INPUT RECORDS -
>>>
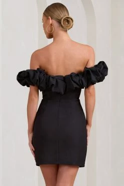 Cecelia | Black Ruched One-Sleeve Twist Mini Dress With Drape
<<<
>>>
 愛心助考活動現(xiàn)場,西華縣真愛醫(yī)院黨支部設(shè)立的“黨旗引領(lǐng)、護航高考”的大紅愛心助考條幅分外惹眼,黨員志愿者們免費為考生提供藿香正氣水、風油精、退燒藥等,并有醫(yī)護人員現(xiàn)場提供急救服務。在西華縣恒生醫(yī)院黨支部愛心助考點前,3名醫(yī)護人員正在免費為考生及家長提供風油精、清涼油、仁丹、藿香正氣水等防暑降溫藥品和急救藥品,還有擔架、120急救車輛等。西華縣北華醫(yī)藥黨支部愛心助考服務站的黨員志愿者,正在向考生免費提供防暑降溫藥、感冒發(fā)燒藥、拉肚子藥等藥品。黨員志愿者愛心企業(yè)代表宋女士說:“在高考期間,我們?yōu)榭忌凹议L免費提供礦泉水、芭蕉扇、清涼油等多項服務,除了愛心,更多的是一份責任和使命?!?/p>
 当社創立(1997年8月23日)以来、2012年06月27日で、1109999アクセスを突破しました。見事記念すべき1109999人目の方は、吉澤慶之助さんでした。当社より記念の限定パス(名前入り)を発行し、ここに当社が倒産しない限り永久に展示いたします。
<<<
PROBLEM STATEMENT - In the listing above, locate the line containing "愛心助考活動現(xiàn)場" and the line containing "当社創立(1997年8月23". Transcribe those two lines and everything between them, exactly as written.

SOLVED EXERCISE -
 愛心助考活動現(xiàn)場,西華縣真愛醫(yī)院黨支部設(shè)立的“黨旗引領(lǐng)、護航高考”的大紅愛心助考條幅分外惹眼,黨員志愿者們免費為考生提供藿香正氣水、風油精、退燒藥等,并有醫(yī)護人員現(xiàn)場提供急救服務。在西華縣恒生醫(yī)院黨支部愛心助考點前,3名醫(yī)護人員正在免費為考生及家長提供風油精、清涼油、仁丹、藿香正氣水等防暑降溫藥品和急救藥品,還有擔架、120急救車輛等。西華縣北華醫(yī)藥黨支部愛心助考服務站的黨員志愿者,正在向考生免費提供防暑降溫藥、感冒發(fā)燒藥、拉肚子藥等藥品。黨員志愿者愛心企業(yè)代表宋女士說:“在高考期間,我們?yōu)榭忌凹议L免費提供礦泉水、芭蕉扇、清涼油等多項服務,除了愛心,更多的是一份責任和使命?!?/p>
 当社創立(1997年8月23日)以来、2012年06月27日で、1109999アクセスを突破しました。見事記念すべき1109999人目の方は、吉澤慶之助さんでした。当社より記念の限定パス(名前入り)を発行し、ここに当社が倒産しない限り永久に展示いたします。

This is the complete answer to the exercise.